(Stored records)

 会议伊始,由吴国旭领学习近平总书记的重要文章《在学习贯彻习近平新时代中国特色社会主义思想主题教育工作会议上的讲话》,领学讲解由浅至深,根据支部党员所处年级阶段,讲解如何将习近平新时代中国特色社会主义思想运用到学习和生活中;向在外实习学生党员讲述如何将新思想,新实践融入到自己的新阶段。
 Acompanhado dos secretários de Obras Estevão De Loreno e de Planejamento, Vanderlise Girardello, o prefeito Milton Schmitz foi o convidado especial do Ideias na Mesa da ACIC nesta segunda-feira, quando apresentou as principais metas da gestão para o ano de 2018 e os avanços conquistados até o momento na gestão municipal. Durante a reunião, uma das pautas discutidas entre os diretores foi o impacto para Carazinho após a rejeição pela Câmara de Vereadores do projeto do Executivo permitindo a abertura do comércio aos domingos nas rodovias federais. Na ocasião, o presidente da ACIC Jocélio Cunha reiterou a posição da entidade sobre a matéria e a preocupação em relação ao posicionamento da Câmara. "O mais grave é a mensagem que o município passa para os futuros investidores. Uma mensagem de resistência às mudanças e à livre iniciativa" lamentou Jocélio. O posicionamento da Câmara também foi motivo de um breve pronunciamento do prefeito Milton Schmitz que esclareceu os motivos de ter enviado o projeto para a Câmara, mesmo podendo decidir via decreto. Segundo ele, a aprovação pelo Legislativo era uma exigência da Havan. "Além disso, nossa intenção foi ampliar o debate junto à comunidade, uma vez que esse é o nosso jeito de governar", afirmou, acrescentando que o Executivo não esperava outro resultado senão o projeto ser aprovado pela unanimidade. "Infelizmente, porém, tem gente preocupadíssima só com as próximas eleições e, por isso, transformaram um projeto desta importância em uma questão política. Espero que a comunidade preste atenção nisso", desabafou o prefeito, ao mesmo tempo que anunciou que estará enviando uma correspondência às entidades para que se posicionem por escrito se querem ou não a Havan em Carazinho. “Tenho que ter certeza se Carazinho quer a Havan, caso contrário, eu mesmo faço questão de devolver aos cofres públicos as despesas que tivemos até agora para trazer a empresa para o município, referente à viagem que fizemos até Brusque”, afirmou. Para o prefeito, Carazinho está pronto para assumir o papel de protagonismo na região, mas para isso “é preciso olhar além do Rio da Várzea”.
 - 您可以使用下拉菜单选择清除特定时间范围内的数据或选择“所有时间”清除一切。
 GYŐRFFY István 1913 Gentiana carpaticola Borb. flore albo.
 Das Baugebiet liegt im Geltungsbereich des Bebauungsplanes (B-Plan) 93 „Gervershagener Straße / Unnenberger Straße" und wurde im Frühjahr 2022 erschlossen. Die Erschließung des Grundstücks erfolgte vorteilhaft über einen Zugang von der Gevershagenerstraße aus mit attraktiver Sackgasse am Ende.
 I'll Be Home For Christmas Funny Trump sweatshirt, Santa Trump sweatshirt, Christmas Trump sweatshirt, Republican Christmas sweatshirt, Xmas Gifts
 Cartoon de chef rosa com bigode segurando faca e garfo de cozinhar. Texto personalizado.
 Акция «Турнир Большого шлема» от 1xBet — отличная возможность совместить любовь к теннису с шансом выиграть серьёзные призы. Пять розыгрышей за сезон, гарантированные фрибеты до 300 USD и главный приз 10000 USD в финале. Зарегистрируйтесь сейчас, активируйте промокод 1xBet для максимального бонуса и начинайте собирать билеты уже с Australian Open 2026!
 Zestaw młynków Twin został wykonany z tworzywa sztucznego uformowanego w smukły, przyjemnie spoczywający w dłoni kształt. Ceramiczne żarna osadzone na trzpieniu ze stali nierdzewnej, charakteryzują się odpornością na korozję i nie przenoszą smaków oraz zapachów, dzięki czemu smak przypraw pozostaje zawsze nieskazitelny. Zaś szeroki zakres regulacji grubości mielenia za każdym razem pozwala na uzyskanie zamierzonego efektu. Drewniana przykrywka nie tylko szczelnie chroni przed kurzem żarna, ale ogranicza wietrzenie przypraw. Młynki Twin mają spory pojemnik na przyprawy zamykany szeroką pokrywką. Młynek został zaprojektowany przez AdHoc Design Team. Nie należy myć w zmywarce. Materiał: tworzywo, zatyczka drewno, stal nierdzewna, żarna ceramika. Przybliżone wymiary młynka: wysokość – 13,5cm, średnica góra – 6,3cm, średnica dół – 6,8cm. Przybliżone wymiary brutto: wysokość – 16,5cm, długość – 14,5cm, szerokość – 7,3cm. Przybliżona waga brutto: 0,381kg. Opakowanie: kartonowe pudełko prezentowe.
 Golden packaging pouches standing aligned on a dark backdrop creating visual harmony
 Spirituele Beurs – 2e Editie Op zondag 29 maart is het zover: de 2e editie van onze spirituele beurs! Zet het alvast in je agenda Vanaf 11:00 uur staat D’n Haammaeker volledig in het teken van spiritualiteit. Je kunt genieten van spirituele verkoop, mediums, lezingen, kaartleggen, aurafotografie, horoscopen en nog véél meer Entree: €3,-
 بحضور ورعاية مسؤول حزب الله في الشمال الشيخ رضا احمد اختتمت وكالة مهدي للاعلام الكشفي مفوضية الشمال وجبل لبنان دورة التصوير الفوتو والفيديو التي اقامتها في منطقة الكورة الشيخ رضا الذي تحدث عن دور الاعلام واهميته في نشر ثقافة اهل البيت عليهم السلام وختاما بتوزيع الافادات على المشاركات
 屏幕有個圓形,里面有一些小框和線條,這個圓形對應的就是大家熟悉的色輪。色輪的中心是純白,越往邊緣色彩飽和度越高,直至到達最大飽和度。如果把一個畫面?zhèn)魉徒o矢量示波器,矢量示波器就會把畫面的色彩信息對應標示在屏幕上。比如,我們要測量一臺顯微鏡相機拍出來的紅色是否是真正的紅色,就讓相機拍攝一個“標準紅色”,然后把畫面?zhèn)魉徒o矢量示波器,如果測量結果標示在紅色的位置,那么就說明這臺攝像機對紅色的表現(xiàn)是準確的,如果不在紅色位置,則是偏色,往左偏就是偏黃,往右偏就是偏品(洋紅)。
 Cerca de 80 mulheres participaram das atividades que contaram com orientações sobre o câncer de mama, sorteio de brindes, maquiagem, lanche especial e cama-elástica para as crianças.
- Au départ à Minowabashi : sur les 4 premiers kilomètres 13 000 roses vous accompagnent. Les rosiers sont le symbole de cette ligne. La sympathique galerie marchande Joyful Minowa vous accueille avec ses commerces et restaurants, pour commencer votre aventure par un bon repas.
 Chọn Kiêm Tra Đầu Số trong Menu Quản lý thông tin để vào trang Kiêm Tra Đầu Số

▶ Work to be completed
Look above for the line holding "Golden packaging pouches" and the line holding "Spirituele Beurs –", then output exactly those two lines and every line between them, nothing more.

▶ Written solution
 Golden packaging pouches standing aligned on a dark backdrop creating visual harmony
 Spirituele Beurs – 2e Editie Op zondag 29 maart is het zover: de 2e editie van onze spirituele beurs! Zet het alvast in je agenda Vanaf 11:00 uur staat D’n Haammaeker volledig in het teken van spiritualiteit. Je kunt genieten van spirituele verkoop, mediums, lezingen, kaartleggen, aurafotografie, horoscopen en nog véél meer Entree: €3,-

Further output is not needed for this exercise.